··· Data excerpts
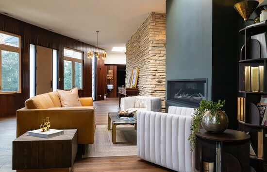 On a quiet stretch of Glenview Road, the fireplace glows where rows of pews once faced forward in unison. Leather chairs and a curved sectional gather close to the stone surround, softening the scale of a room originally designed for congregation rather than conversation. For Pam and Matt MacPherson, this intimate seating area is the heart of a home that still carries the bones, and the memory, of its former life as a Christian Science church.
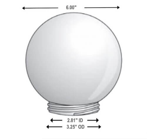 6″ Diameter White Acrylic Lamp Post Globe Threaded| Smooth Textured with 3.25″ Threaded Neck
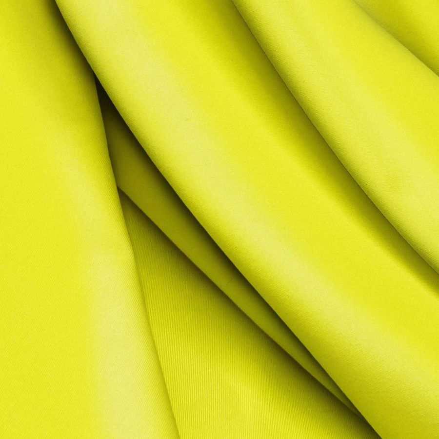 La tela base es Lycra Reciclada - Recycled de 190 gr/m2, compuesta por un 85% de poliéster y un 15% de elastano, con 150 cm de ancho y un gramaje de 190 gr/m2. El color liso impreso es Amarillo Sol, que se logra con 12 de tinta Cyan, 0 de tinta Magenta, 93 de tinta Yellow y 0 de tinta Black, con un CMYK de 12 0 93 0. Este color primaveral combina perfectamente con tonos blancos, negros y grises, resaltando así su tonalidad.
······
··· Data excerpts
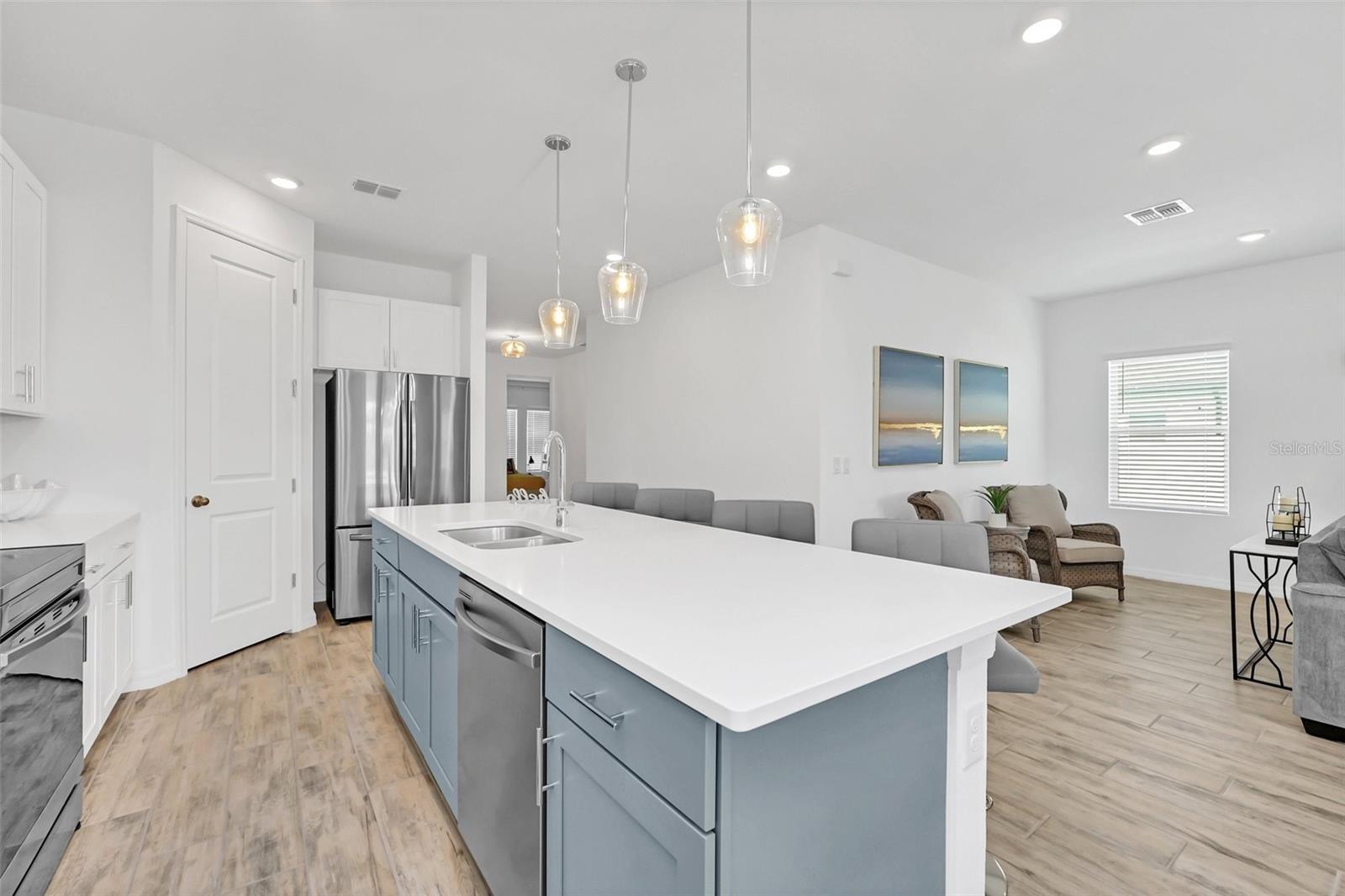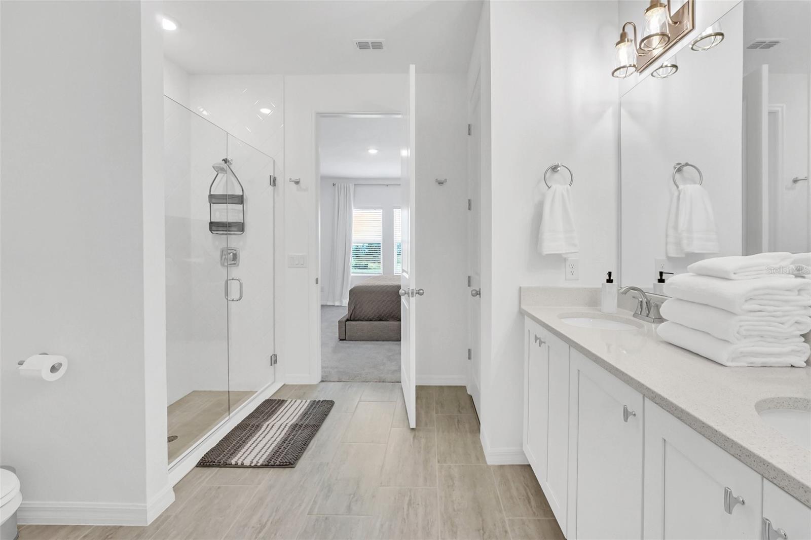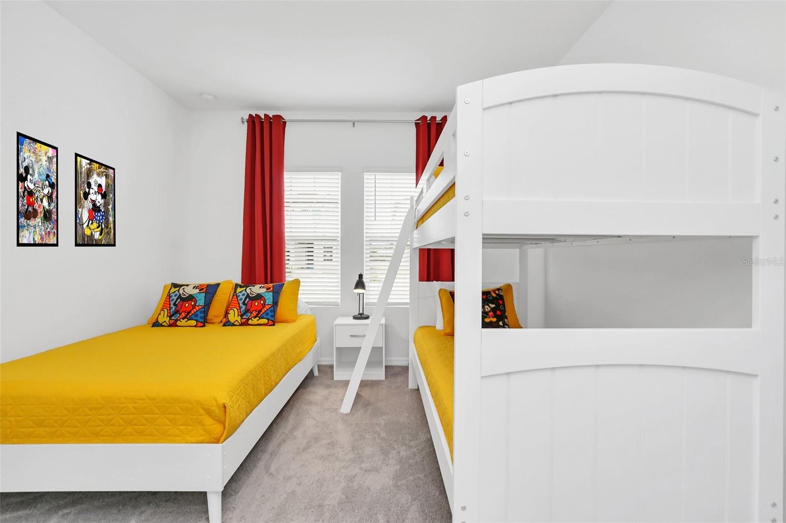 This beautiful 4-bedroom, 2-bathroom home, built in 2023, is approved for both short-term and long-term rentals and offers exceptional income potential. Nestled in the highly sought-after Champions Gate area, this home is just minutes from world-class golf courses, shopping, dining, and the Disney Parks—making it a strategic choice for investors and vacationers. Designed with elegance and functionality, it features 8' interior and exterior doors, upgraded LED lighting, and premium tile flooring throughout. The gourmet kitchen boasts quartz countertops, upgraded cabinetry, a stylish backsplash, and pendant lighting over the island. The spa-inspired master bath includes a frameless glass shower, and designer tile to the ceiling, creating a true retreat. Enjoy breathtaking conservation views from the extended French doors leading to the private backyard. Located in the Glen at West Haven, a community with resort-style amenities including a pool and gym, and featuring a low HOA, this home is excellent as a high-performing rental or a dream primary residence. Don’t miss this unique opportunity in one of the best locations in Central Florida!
······
··· Data excerpts
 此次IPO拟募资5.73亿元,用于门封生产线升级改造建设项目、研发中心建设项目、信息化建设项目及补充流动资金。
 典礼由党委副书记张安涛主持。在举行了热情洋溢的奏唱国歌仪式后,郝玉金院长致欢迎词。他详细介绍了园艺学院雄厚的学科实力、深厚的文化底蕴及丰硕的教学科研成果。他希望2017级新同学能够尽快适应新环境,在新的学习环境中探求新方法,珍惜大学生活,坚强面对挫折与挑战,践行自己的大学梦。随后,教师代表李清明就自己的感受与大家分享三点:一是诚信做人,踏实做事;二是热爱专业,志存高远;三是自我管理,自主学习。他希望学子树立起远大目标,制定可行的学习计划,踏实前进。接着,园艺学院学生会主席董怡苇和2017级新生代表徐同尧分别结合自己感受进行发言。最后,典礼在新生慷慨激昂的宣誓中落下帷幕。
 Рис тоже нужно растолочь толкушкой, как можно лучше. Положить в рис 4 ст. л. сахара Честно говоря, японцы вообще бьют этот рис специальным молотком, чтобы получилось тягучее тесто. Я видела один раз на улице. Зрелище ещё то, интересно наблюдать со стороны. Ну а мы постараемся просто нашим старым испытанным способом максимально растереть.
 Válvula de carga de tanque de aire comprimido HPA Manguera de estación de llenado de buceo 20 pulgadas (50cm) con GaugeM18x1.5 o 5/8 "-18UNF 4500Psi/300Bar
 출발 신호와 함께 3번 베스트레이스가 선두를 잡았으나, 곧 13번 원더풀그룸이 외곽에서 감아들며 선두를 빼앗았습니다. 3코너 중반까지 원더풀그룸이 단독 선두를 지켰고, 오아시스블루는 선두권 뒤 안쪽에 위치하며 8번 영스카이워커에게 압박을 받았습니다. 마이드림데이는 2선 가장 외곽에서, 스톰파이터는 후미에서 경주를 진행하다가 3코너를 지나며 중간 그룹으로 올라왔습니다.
······
● What is being asked
All lines above starting at the one with "6″ Diameter White" and ending at the one with "La tela base", inclusive, are to be printed again exactly, with the pictures left out.

● Answer for the task
 6″ Diameter White Acrylic Lamp Post Globe Threaded| Smooth Textured with 3.25″ Threaded Neck
 La tela base es Lycra Reciclada - Recycled de 190 gr/m2, compuesta por un 85% de poliéster y un 15% de elastano, con 150 cm de ancho y un gramaje de 190 gr/m2. El color liso impreso es Amarillo Sol, que se logra con 12 de tinta Cyan, 0 de tinta Magenta, 93 de tinta Yellow y 0 de tinta Black, con un CMYK de 12 0 93 0. Este color primaveral combina perfectamente con tonos blancos, negros y grises, resaltando así su tonalidad.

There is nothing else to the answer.